Choicepoint, Two Minutes Hate
This was going to be a roundup, but heck, There’s a backlog of hate, and I must post.
- Under the headline, “Who let Jeb Bush and ChoicePoint into the UK?” ‘Brother Rail Gun of Desirable Mindfulness’ points to a BBC story, “Hundreds wiped off vote register.”
- An oldy-but-I-Hadn’t-linked, Adrift at Sea comments in “Bleeding Edge Technology:”
I don’t know if ChoicePoint or any of its subsidiaries are actually involved in the development or deployment of the new passports for the United States, but given the track record of DHS and of these companies, I would rather stick with more basic, less technologically advanced security methods for now.
- Juxtapostition asks “A message to ChoicePoint customers: just how helpful is the data you are buying?:”
A great point that has been lost in a lot of the reporting. Just how useful is the service they provide when they were spoofed over 50 times by fraudulent users?
These companies always beg the question of which entities are authorized to be their customers to “legitimately” obtain this kind of sensitive data about people? What would stop me from paying to get the data on anyone they had? What criteria would they establish to prevent just anyone from getting at this data?
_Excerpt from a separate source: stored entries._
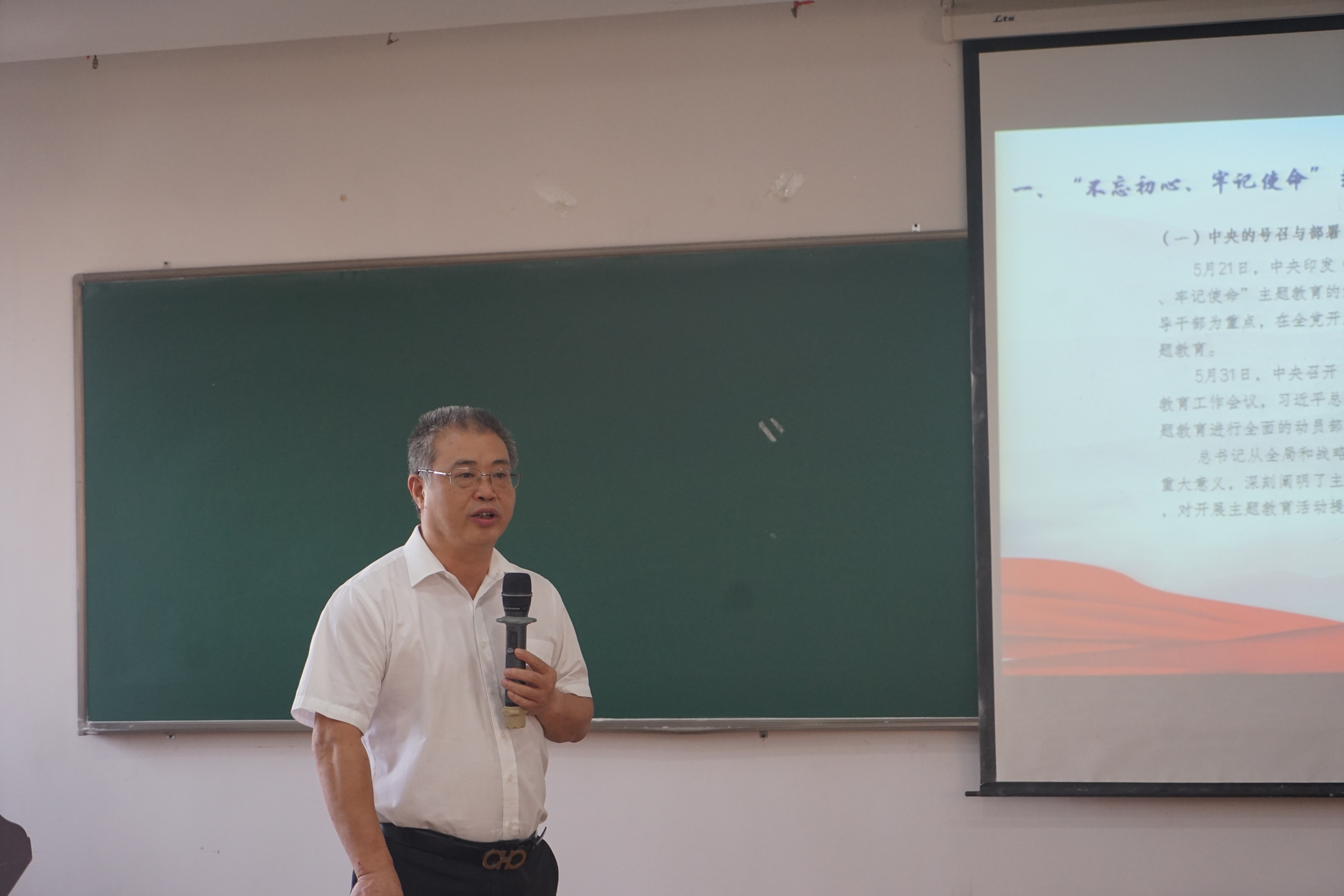 首先,学院党委书记、副院长闻继威向党员们作《铸魂育人,争锋一流――深入推进“不忘初心、牢记使命”主题教育活动》专题报告。闻书记从“中央、省委、学校‘不忘初心、牢记使命’主题教育总体要求”、“学院关于‘不忘初心、牢记使命’主题教育活动实施方案”两个方向进行详细解析。闻书记强调通过本次主题教育,要做到“班子动起来,支部动起来,党员动起来”、“问题找出来,差距找出来,责任找出来”、“风气改过来,规矩改过来,生态改过来”,达到“班子团结奋进”、“支部规范有力”、“党员正气有干劲”的目的。同时,闻书记提出学院将从六个方面对主题教育进行贯彻落实,分别为:以学习提高认识,统一思想,加强班子建立,夯实党支部基础;以调查研究找差距,抓落实;以思想引领学院新风尚;以特色创新彰显学院风貌;以宣传推动学习热潮;以检视剖析问题根源。
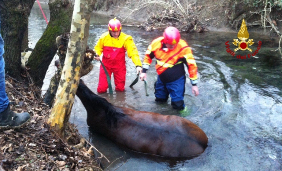Un cavallo è stato salvato dai vigili del fuoco ieri pomeriggio a Lupia di Sandrigo.
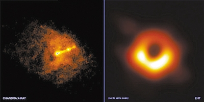 左圖 錢(qián)德拉X射線望遠(yuǎn)鏡與事件視界望遠(yuǎn)鏡同時(shí)拍攝的照片,顯示了M87星系中心黑洞的“相對(duì)論性噴流”。右圖 事件視界望遠(yuǎn)鏡拍攝的M87星系中心黑洞圖像。圖片來(lái)源:美國(guó)趣味科學(xué)網(wǎng)站
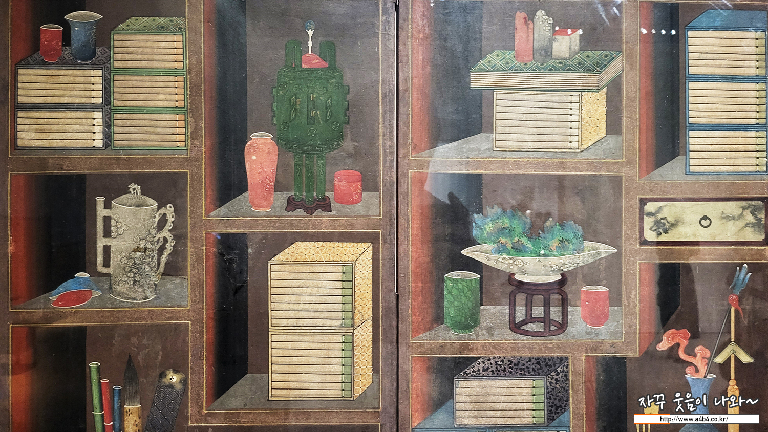 <책가도 병풍> 왼쪽에는 한옥 방 같은 공간에 여러 가지 목가구가 놓여 있습니다. 가구는 공간입니다.
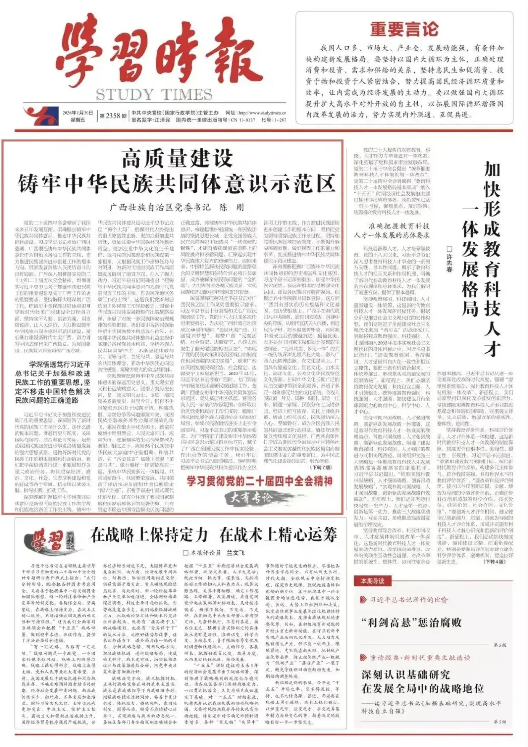 1月30日出版的《学习时报》头版头条刊发广西壮族自治区党委书记陈刚署名文章:《高质量建设铸牢中华民族共同体意识示范区》。全文如下。
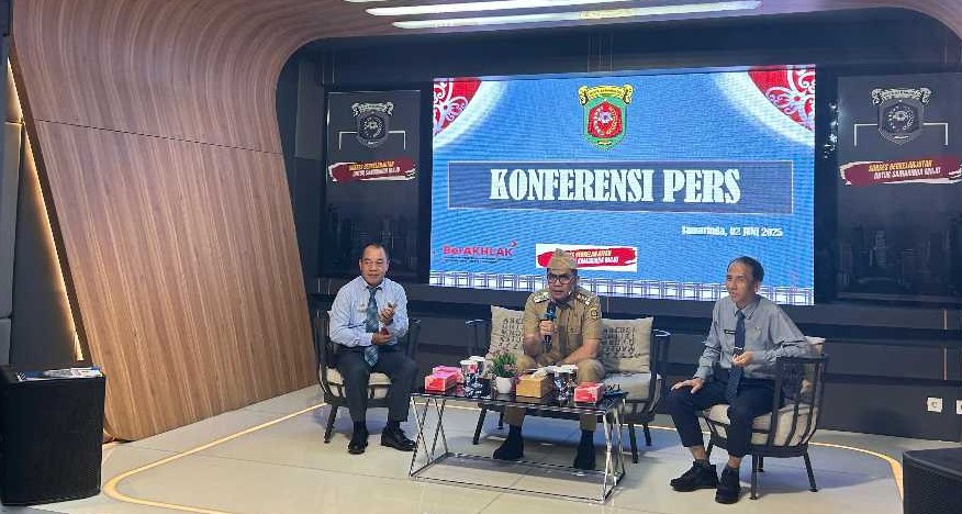 Wali Kota Samarinda, Andi Harun saat konferensi pers di Anjungan Karangmumus, Balai Kota, pada Senin (2/6/2025)/ist

Or, do they not care as long as you have the cash?
- Unmarketing has a long post, which I’ll excerpt unfairly:
In fact, it was a passing remark made by a ChoicePoint representative, who said, in effect (because I didn’t write it down):
Americans have the right to privacy, but no longer have the right to anonymity.
As a private citizen, this made me blanch. This made me sick. This, in short, pissed me off.
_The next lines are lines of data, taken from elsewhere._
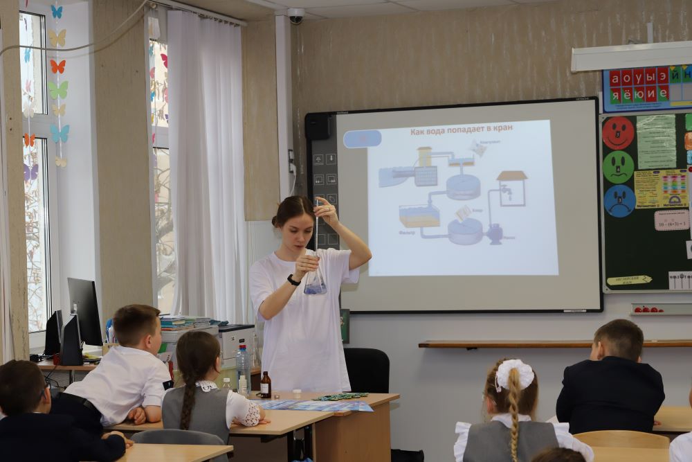 На наглядных примерах, с помощью химических опытов, ребята увидели, как специалисты компании проверяют качество воды, прежде чем она попадает в кран. Отдельное внимание на уроке уделили заботе об экологии и сбережении водных ресурсов.
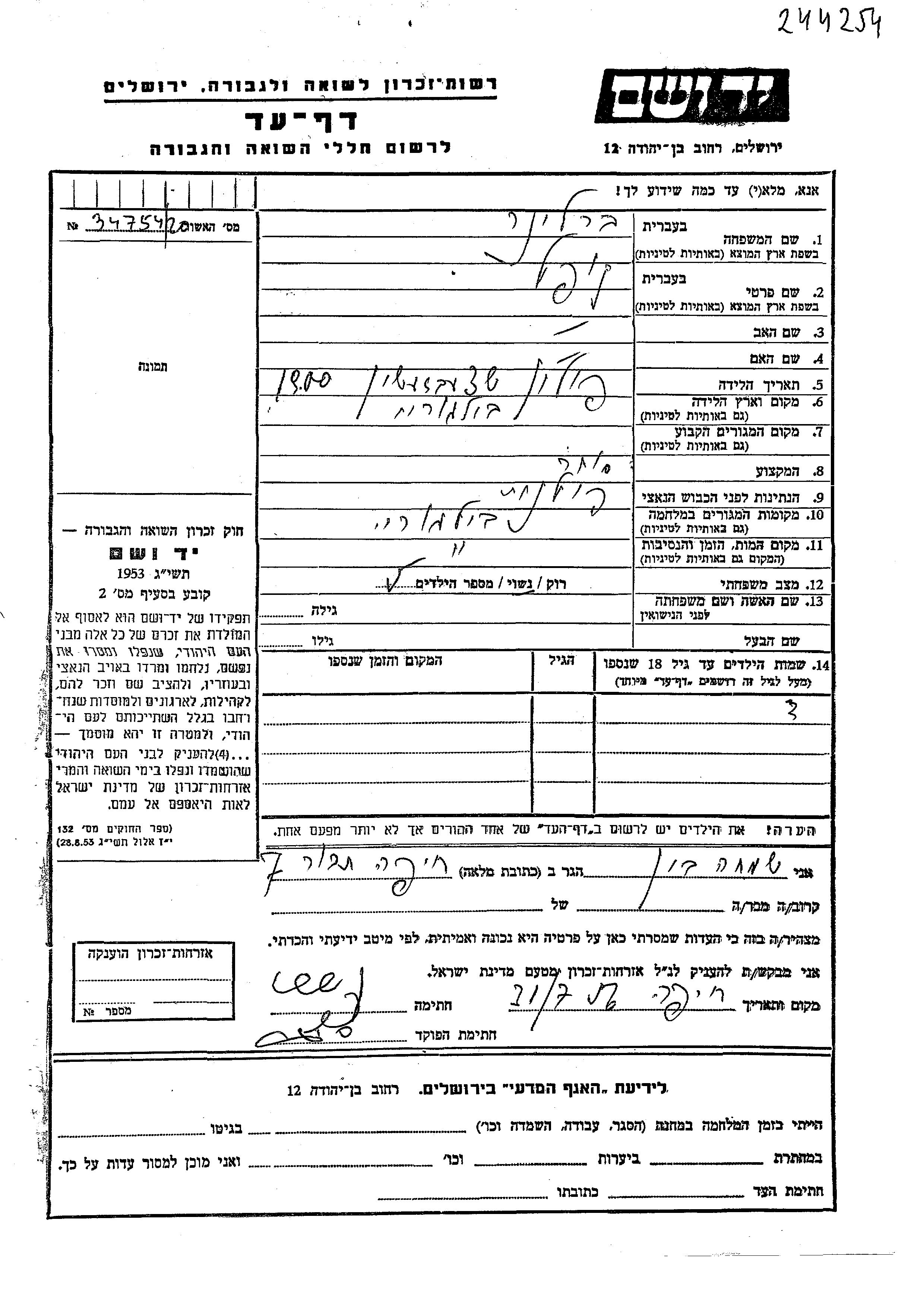 Яд Вашем - Листы свидетельских показаний Мемориального фонда
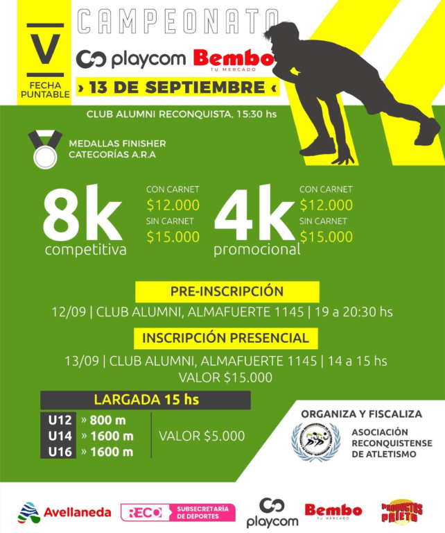 La competencia se cumplirá este próximo sábado 13 de septiembre con largada y llegada frente al edificio del Club Atlético Alumni de Reconquista (Almafuerte 1145).
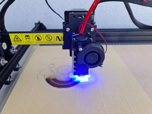 Отличный лазер! Обновил прошивку по инструкции, lightbern автоматически определил модель! Пока только гравировал на тестовом картоне. Скорость 1000mm/min мощность 10%. Как установлю обдув и вытяжку дополню отзыв о резке толстой фанеры.
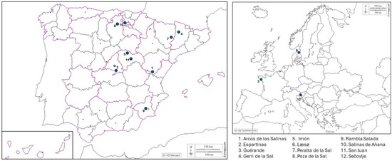 This study intends to offer an insight in the patrimonialization of traditional inland salinas in Spain and compare it with three case studies in the rest of Europe. In Spain, nine inland salinas that had been declared as a Good of Cultural Interest (BIC, in its Spanish acronym) as of 2019 were selected (see Figure 1 and Table 1), under the understating that, regardless of their state of conservation, this status was a first step in their path towards patrimonialization. In the rest of Europe, three case studies of successful patrimonialization were selected, namely the marais salants de Guérande, in Guérande, France; the Sečovljske soline in Sečovlje, Slovenia; and the Læsø salt syderi in the island of Læsø, Denmark (see Figure 1 and Table 1). Although similar successful cases exist in the continent, these stand out for being the site of reference and inspiration in western (Guérande), northern (Læsø) and southeastern Europe (Sečovlje), respectively, thereby covering a broad geographical scope. In addition, their individual histories as well as current management models (see Table 2) also provide a diversity of situations that have led to success though differing pathways, thereby serving as paradigms for a variety of cultural productive landscapes. The goal of this study is to deepen the understanding of the patrimonialization process of traditional salinas in Europe, to identify and characterize its main stages, indicating the main challenges in each one of them. The results are expected to help in understanding and supporting similar patrimonialization processes in other heritagescapes and cultural landscapes and preventing their abandonment or decay.

He also points to Infinisource, who, back in 2001, examined her Choicepoint file in “A Sample ChoicePoint FBI Dossier:”
Just for fun, if a rough accounting of the report I received is done by giving each correct entry a point, deducting a point for each error and ignoring omissions then my ChoicePoint report was only 56% accurate.
- No link, but in the Wall Street Journal Monday June 13, there’s a story on Wal Mart “rescinding” its retirement package for ex-executive Thomas Coughlin. Coughlin’s package was worth about $12m. Coughlin has not resigned from the board of…Choicepoint.
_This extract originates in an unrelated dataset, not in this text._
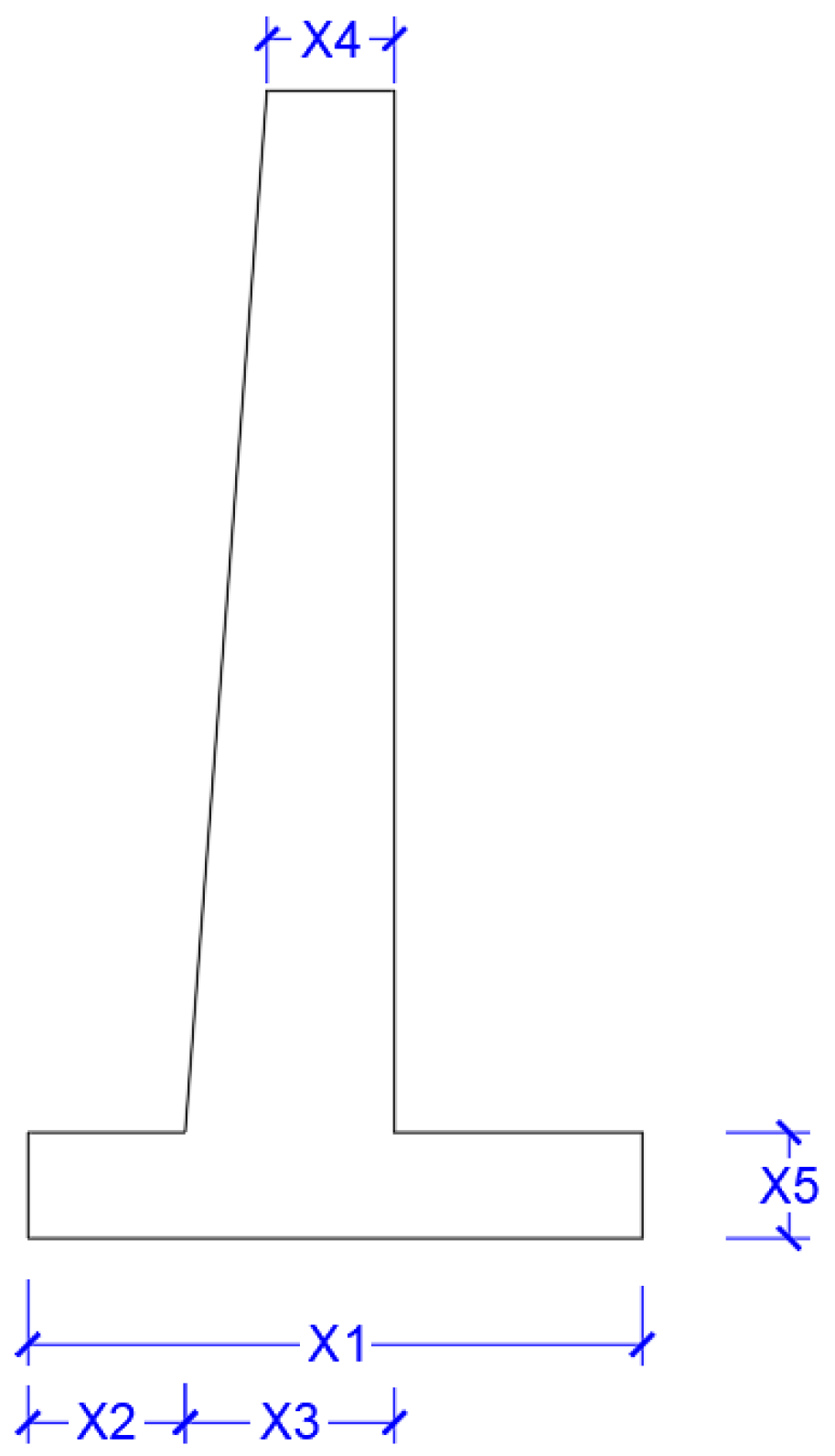 X5 (thickness of the base slab), which all pertain to the various dimensions of the wall.
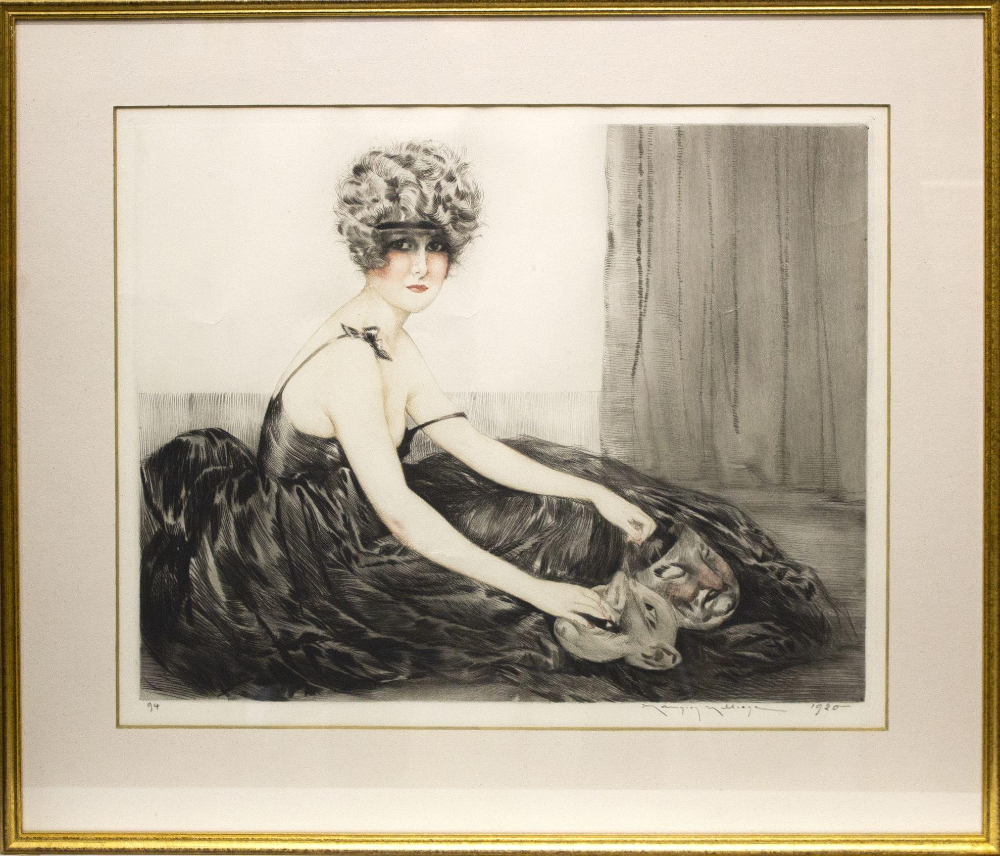 Papier lithographié et rehaussé, piètement en bois tourné, H 59...

- If you think hatred of Choicepoint is only here, take a gander at the LiveJournal “Awake and Dreaming – Still far from shores I’ve yet to reach”
I’ve been getting a lot of attention from ladies online recently. I’ve been talking to one for about a week who lives in Gwinnett. The only problem is she works for Choicepoint (for those of you who don’t know, that’s the company that got in trouble for selling lots of people’s personal information to people posing as government entities or something), and although she’s not ugly, she doesn’t attract me too much.
- To close, in stark contrast to the outporing of hate for Choicepoint, we offer up Two Minutes Hate from Choicepoint employee Jason Fayling, blogging at “Dude, Where’s My Car?” Jason offers up “Linux Sucks:”
I have been playing around with Linux lately. Specifically Red Hat FedoraCore 3. Let me tell you, for those who fear Linux will over come Windows. Fear Not! Linux Sucks! I spent my entire weekend last week trying to install that piece of junk. I finally got it to install after my 7th attempt, but even still, my sound card doesnt work. Granted, I am trying to run Linux inside Microsoft Virtual PC 2004, a virtual machine software, but that is because I am not willing to do a dual boot from my laptop. I had to get a hacked Linux kernel to get it to run within the virtual machine. What amazes me is how anybody gets anything done in Linux at all. There are so many CRYPTIC commands. For example, if you want to rename a file in Linux you use the mv command. What the heck is that all about?
Come on, Adam; this firestorm of ChoicePoint negativity is disrupting my settling down to some cocoa and peacefully reading Richard Baich’s “Winning as a CISO”… I’m just up to the part where he talks about the right way to handle a security incident.
What’s funny about the CP PR on privacy versus anonymity is that it comes right after the Supreme Court revisted the right to anonymity and concluded that it still existed…even after 9/11.